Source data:
[Start of Attachment]

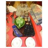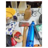 KEEP WATCHING FOR PHOTOS & LISTING!! gal. blue decorated crock enamel texas kettle towleware pieces coffee grinder copper kettle on legs turn of century fruit print in great frame 19th. c. transfer plates model ship hull teapot, creamer, sugar currier & Ives print "A Line Shot - The Recoil" crystal prints pottery face jug american fostoria world cookie jar slide rule soapstone horn box bennington mugs hull vase w/ label lady sculptures - neat signed & numbered Bob Allen Print "Turner's Store" stone jug aladdin lamp wooden puzzles costume jewelry s & p collection vintage lunch boxes fire truck peddle car glassware lots of pocketbooks - name brands tools pottery chicken marquis - waterford glasses hand made quilts WWII posters walnut marble top table oak rocker wooden pepsi crates wooden coca cola crates reebok neon light MUCH MORE - LOOK AT PHOTOS |
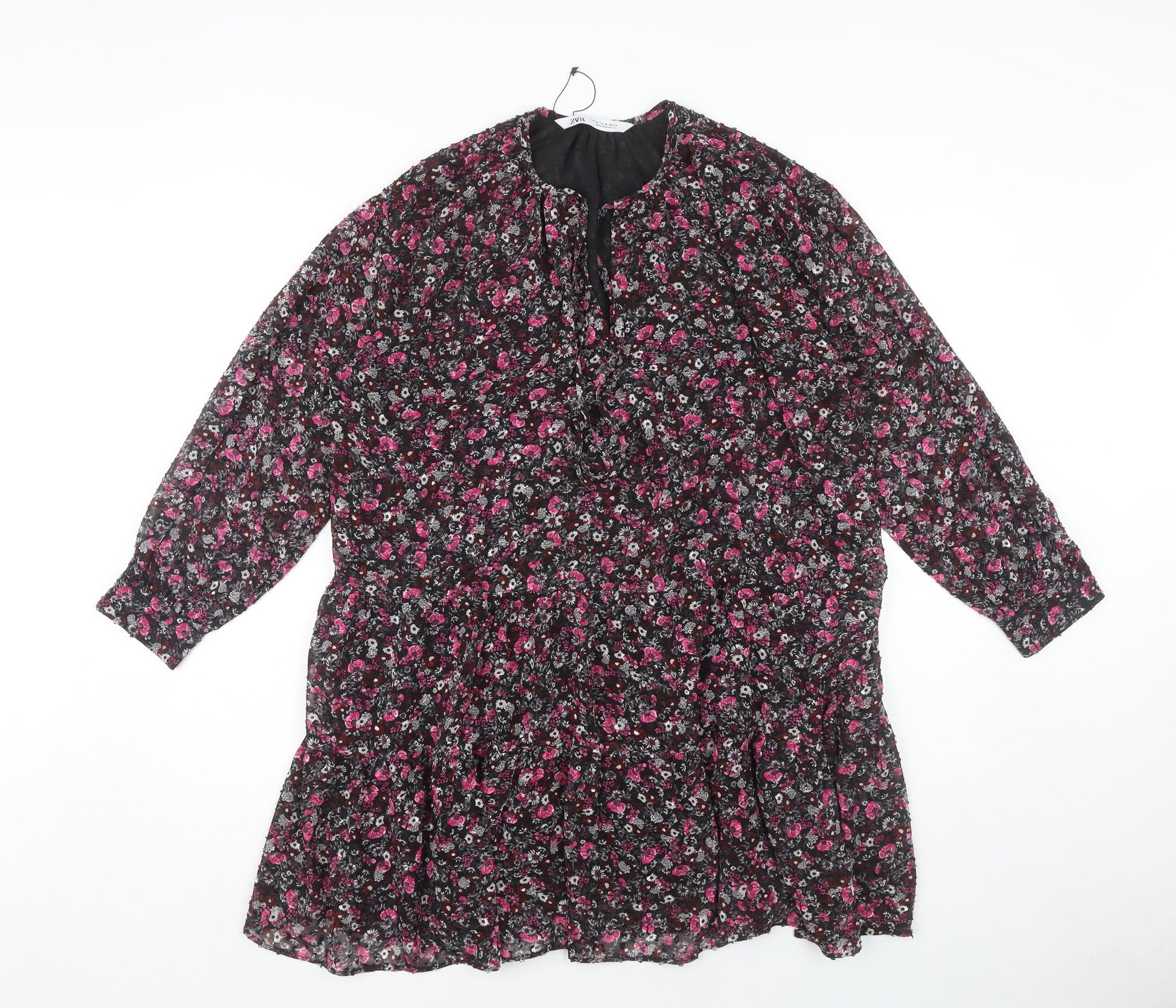 Add a touch of bohemian flair to your wardrobe with this charming floral dress from Zara. Designed with a casual yet stylish appeal, this dress features a captivating multicoloured floral pattern that is perfect for both spring and autumn seasons. The long sleeves and woven polyester fabric provide a comfortable fit, making it an ideal choice for everyday wear. Crafted for women, this dress in size M ensures a flattering silhouette, while being easy to care for, it's machine washable and maintains its vibrant look after every wash. Whether you're heading to a brunch or a casual day out, this Zara dress offers both comfort and style. Pair it with your favourite accessories to create a look that's all your own.
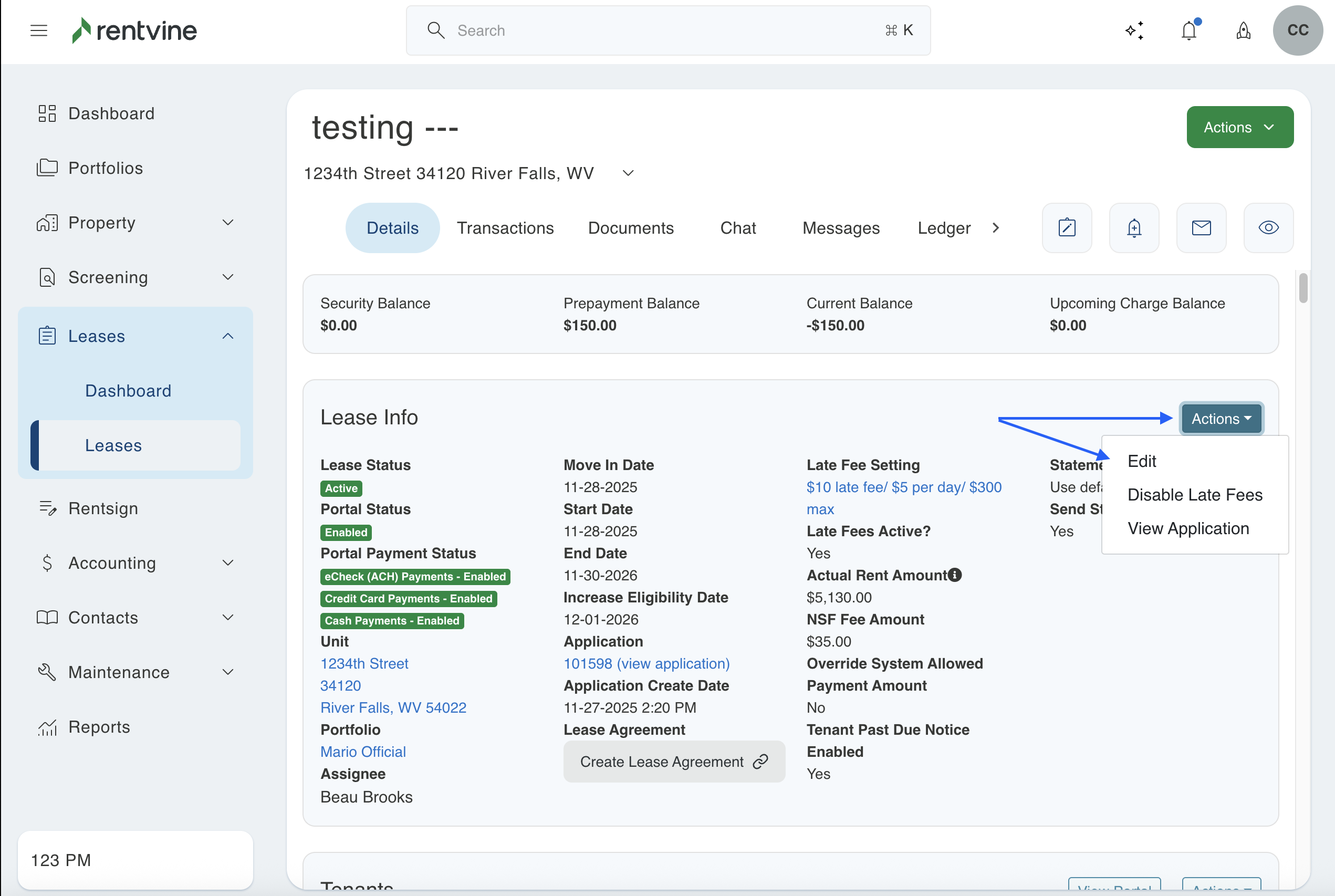 3. Stay in the tab labeled "Details". You will then look for a box labeled "Lease Info". In the top right of this box, click the blue actions button, then click the edit button to pull up fillable fields you can change.
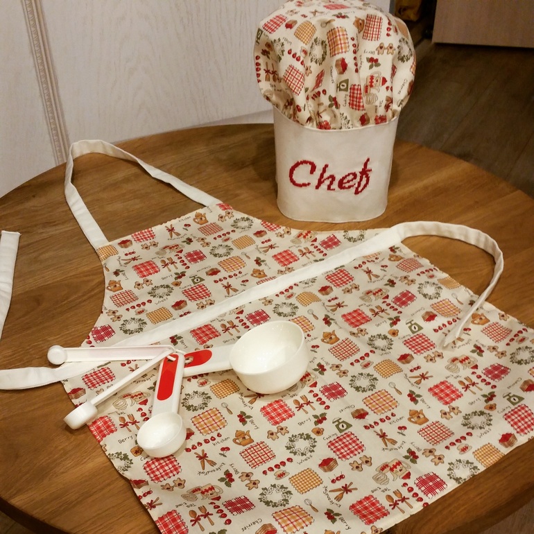Ткань видимо для пэч-ворка, купила в обычном магазине "Ткани". А выкройку взяла в интернете: просто забила "как сшить колпак и фартук повара для ребенка"
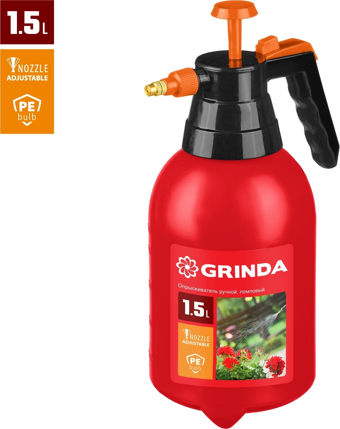 Помповый опрыскиватель GRINDA PS-1.5, объем 1.5 л, ручной, колба из высокопрочного полиэтилена
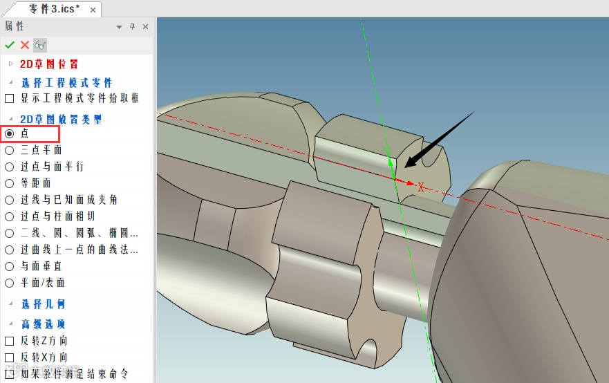 34、新建草图,再画一条线段,线段长度要超过零件的体长。
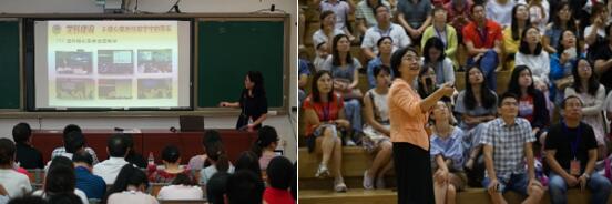李海涛教授讲授了表观遗传调控的分子结构机理研究,并阐释了他的团队在与癌症、白血病等人类疾病密切相关的“组蛋白密码”分子识别与破译方面取得的一系列原创性成果;王一国教授讲授了肝脏中糖脂代谢信号调控的分子机制与肥胖、糖尿病等代谢性疾病的科研进展;彭敏教授讲授了免疫调控与衰老、健康的关系;王建斌教授详细介绍了系统生物学及相关的网络交叉学科的历史、发展和未来的研究方向;张强峰研究员讲授了计算生物学的历史、前沿和利用大数据分析方法研究转录组;张伟教授讲解了人类神经系统和感觉的神经机制;陈国强教授通过聚羟基脂肪酸酯(PHA)详细介绍了迈向新时代的工业生物技术;贾怡昌教授讲授了神经疾病相关的分子机制和新一代基因治疗手段;戚益军教授重点阐述了作物驯化、转基因与人类等热点问题。这些课程都让中学教师们大开眼界,在认真聆听的同时也惊叹于生命学科的迅速发展和应用,并就自己感兴趣的问题与教授们展开热烈问答和讨论。

[End of Attachment]

Instructions to follow: Write out the data precisely as given, excluding the pictures.

Solution:
 KEEP WATCHING FOR PHOTOS & LISTING!! gal. blue decorated crock enamel texas kettle towleware pieces coffee grinder copper kettle on legs turn of century fruit print in great frame 19th. c. transfer plates model ship hull teapot, creamer, sugar currier & Ives print "A Line Shot - The Recoil" crystal prints pottery face jug american fostoria world cookie jar slide rule soapstone horn box bennington mugs hull vase w/ label lady sculptures - neat signed & numbered Bob Allen Print "Turner's Store" stone jug aladdin lamp wooden puzzles costume jewelry s & p collection vintage lunch boxes fire truck peddle car glassware lots of pocketbooks - name brands tools pottery chicken marquis - waterford glasses hand made quilts WWII posters walnut marble top table oak rocker wooden pepsi crates wooden coca cola crates reebok neon light MUCH MORE - LOOK AT PHOTOS |
 Add a touch of bohemian flair to your wardrobe with this charming floral dress from Zara. Designed with a casual yet stylish appeal, this dress features a captivating multicoloured floral pattern that is perfect for both spring and autumn seasons. The long sleeves and woven polyester fabric provide a comfortable fit, making it an ideal choice for everyday wear. Crafted for women, this dress in size M ensures a flattering silhouette, while being easy to care for, it's machine washable and maintains its vibrant look after every wash. Whether you're heading to a brunch or a casual day out, this Zara dress offers both comfort and style. Pair it with your favourite accessories to create a look that's all your own.
 3. Stay in the tab labeled "Details". You will then look for a box labeled "Lease Info". In the top right of this box, click the blue actions button, then click the edit button to pull up fillable fields you can change.
Ткань видимо для пэч-ворка, купила в обычном магазине "Ткани". А выкройку взяла в интернете: просто забила "как сшить колпак и фартук повара для ребенка"
 Помповый опрыскиватель GRINDA PS-1.5, объем 1.5 л, ручной, колба из высокопрочного полиэтилена
 34、新建草图,再画一条线段,线段长度要超过零件的体长。
李海涛教授讲授了表观遗传调控的分子结构机理研究,并阐释了他的团队在与癌症、白血病等人类疾病密切相关的“组蛋白密码”分子识别与破译方面取得的一系列原创性成果;王一国教授讲授了肝脏中糖脂代谢信号调控的分子机制与肥胖、糖尿病等代谢性疾病的科研进展;彭敏教授讲授了免疫调控与衰老、健康的关系;王建斌教授详细介绍了系统生物学及相关的网络交叉学科的历史、发展和未来的研究方向;张强峰研究员讲授了计算生物学的历史、前沿和利用大数据分析方法研究转录组;张伟教授讲解了人类神经系统和感觉的神经机制;陈国强教授通过聚羟基脂肪酸酯(PHA)详细介绍了迈向新时代的工业生物技术;贾怡昌教授讲授了神经疾病相关的分子机制和新一代基因治疗手段;戚益军教授重点阐述了作物驯化、转基因与人类等热点问题。这些课程都让中学教师们大开眼界,在认真聆听的同时也惊叹于生命学科的迅速发展和应用,并就自己感兴趣的问题与教授们展开热烈问答和讨论。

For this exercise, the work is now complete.